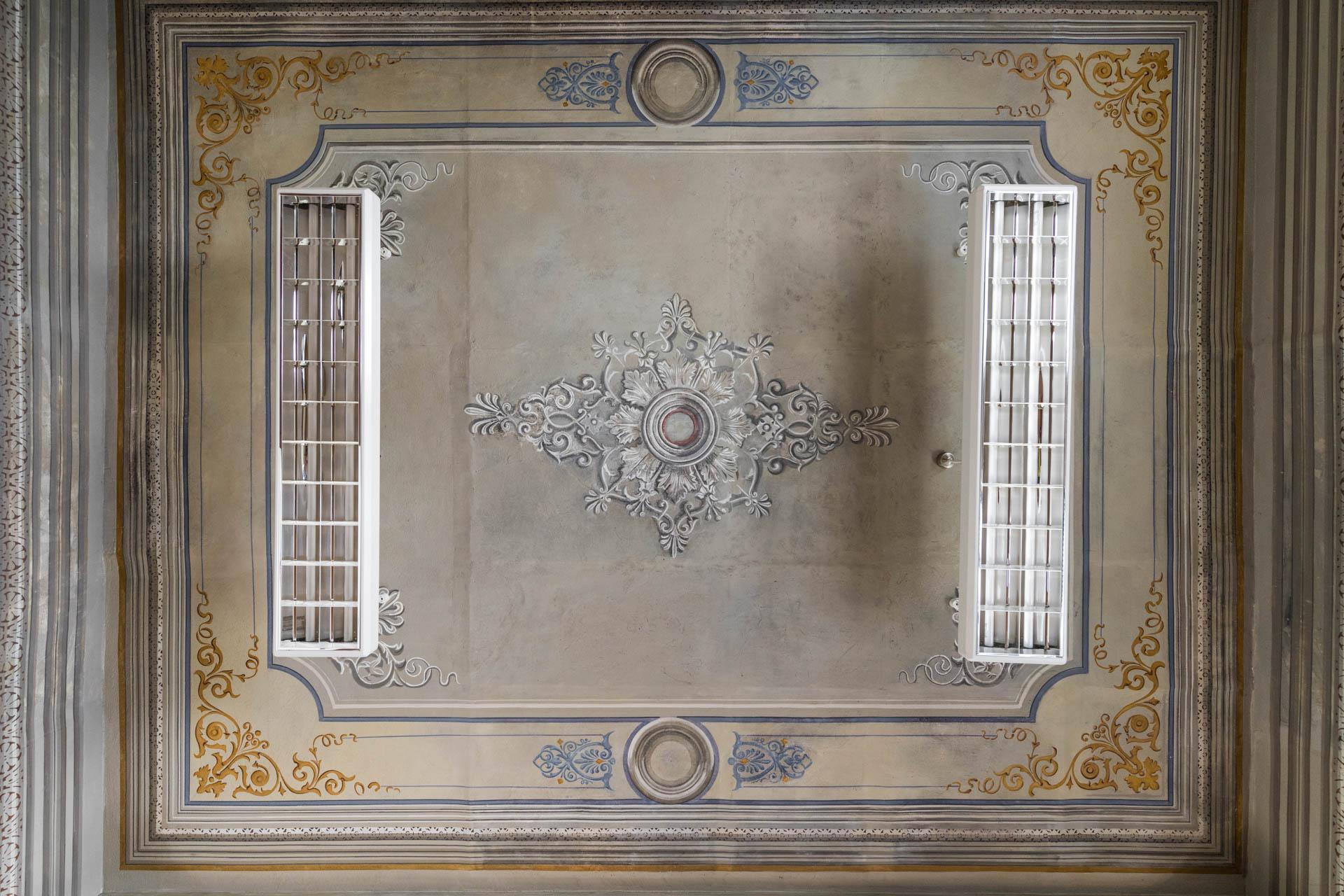 Στον εσωτερικό χώρο, στον όροφο, σώθηκαν και αποκαταστάθηκαν οι οροφογραφίες του σαλονιού και των δωματίων καθώς και ο διάκοσμος των τοίχων. Κάθε δωμάτιο του ορόφου έχει διαφορετικό θέμα διακόσμησης που δημιουργήθηκε με την τεχνική της νωπογραφίας.
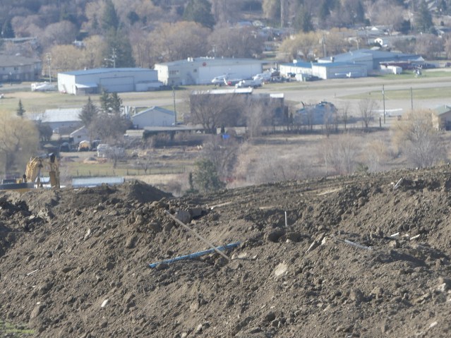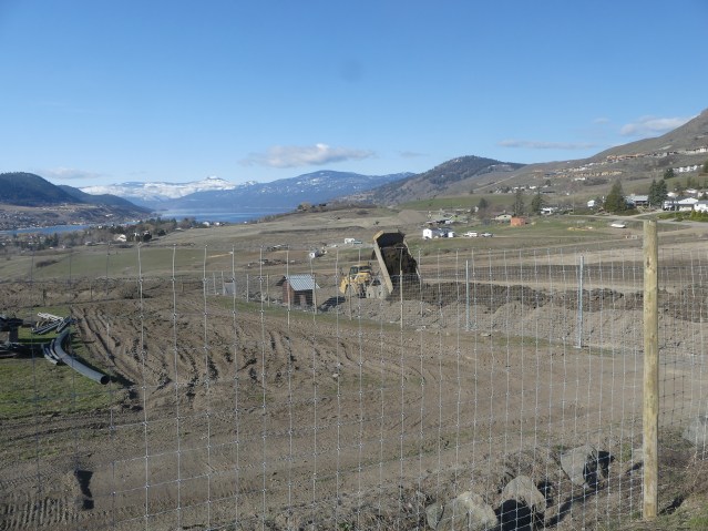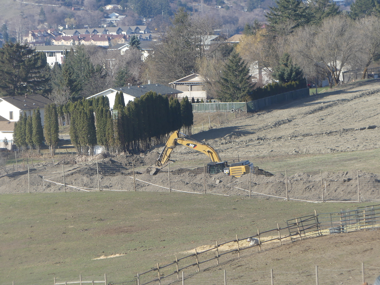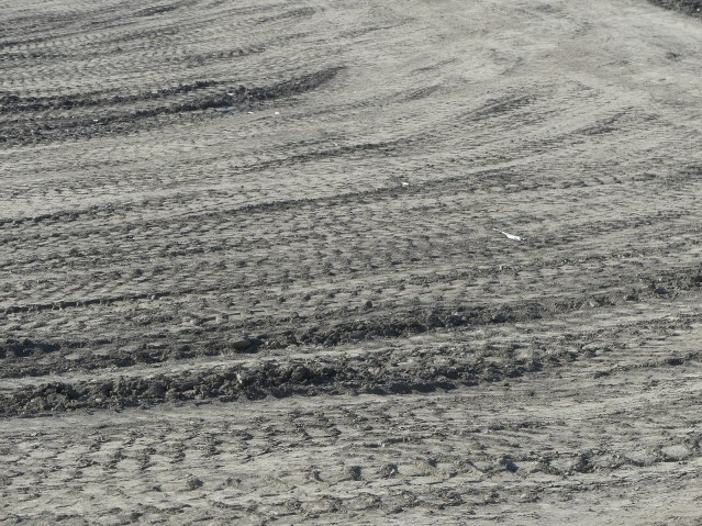 … is somehow farming, or family farming, or that we are growing past it with a push towards organic farming, or de-industrialized agriculture, well, it’s over. The technology of the oil patch has arrived. Here’s Coyote’s field now. All the soil has been scraped up and piled up in a mountain, the underlying clay has been spread out, without the rolling hills that tie us to geological history, and the soil will soon be spread back out, making it more usable by machines.
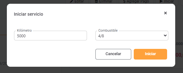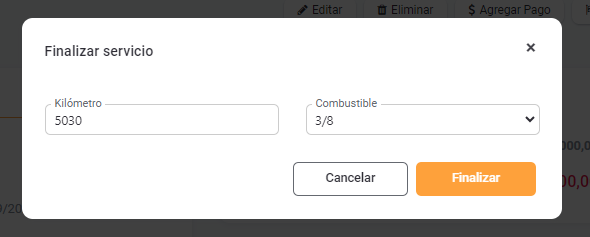 Ao clicar, aparecerá a seguinte janela pop-up, na qual devemos indicar os quilômetros e o combustível com que o veículo saiu do serviço.
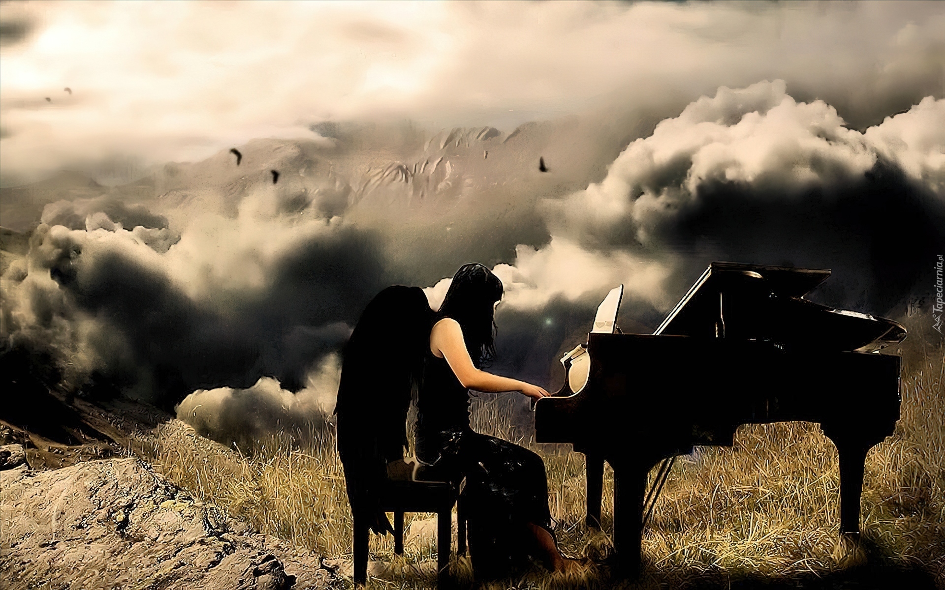 Edytor tapety: Anielica, Góry, Chmury, Fortepian
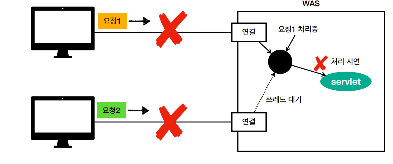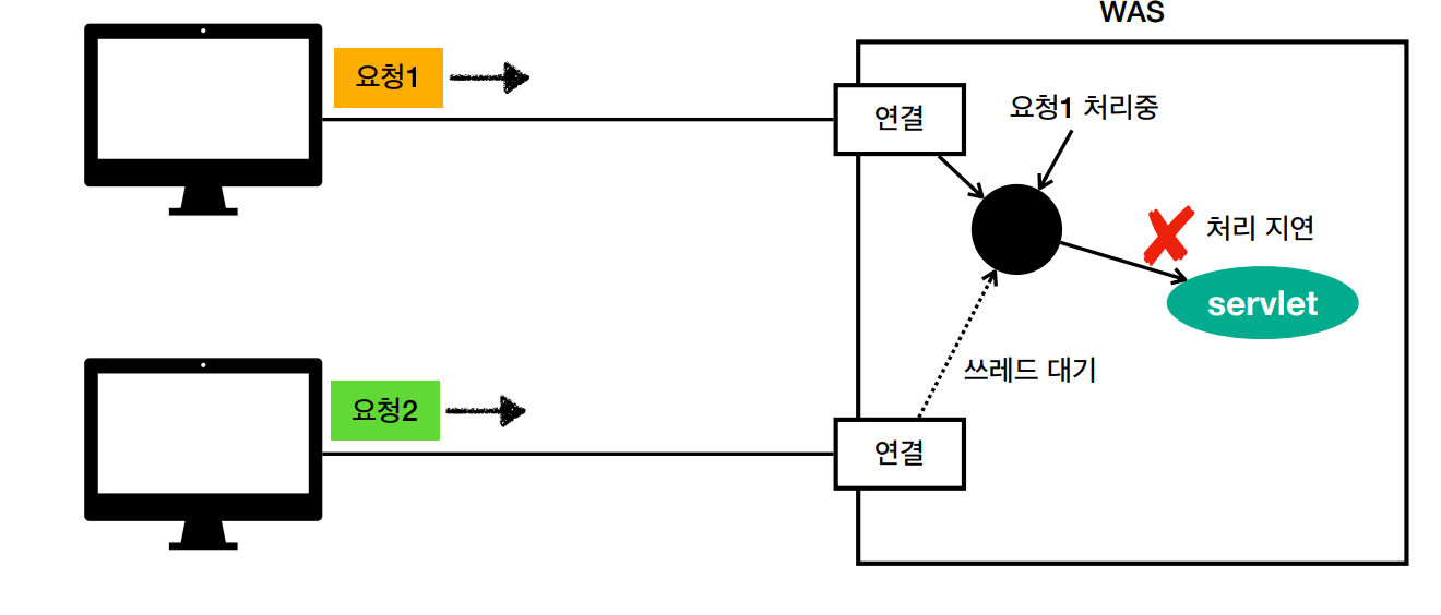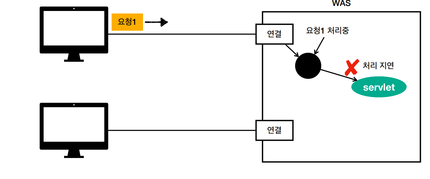 요청1에서 쓰레드를 사용하는데 처리에 지연이 발생했다. 이 때 요청2가 들어온다면 쓰레드를 사용하지 못한다. 이러면 둘 다 지연이 발생하고 오류가 발생할 수 있다.
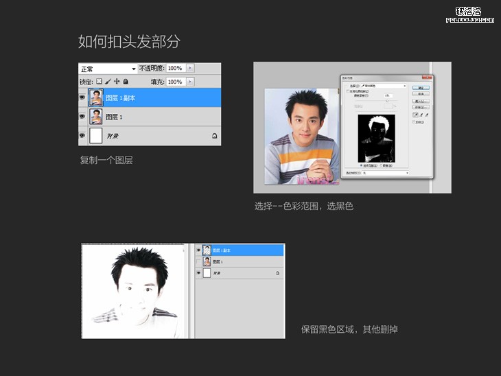 復制一個圖層,然後選擇–色彩范圍,選頭發的黑色顏色容差調到150左右。點確定
# # #
#### Work order
Quote the records in their entirety, keeping the wording exact and excluding pictures.

#### Task output
 Στον εσωτερικό χώρο, στον όροφο, σώθηκαν και αποκαταστάθηκαν οι οροφογραφίες του σαλονιού και των δωματίων καθώς και ο διάκοσμος των τοίχων. Κάθε δωμάτιο του ορόφου έχει διαφορετικό θέμα διακόσμησης που δημιουργήθηκε με την τεχνική της νωπογραφίας.
 … is somehow farming, or family farming, or that we are growing past it with a push towards organic farming, or de-industrialized agriculture, well, it’s over. The technology of the oil patch has arrived. Here’s Coyote’s field now. All the soil has been scraped up and piled up in a mountain, the underlying clay has been spread out, without the rolling hills that tie us to geological history, and the soil will soon be spread back out, making it more usable by machines.
 Ao clicar, aparecerá a seguinte janela pop-up, na qual devemos indicar os quilômetros e o combustível com que o veículo saiu do serviço.
 Edytor tapety: Anielica, Góry, Chmury, Fortepian
 요청1에서 쓰레드를 사용하는데 처리에 지연이 발생했다. 이 때 요청2가 들어온다면 쓰레드를 사용하지 못한다. 이러면 둘 다 지연이 발생하고 오류가 발생할 수 있다.
 復制一個圖層,然後選擇–色彩范圍,選頭發的黑色顏色容差調到150左右。點確定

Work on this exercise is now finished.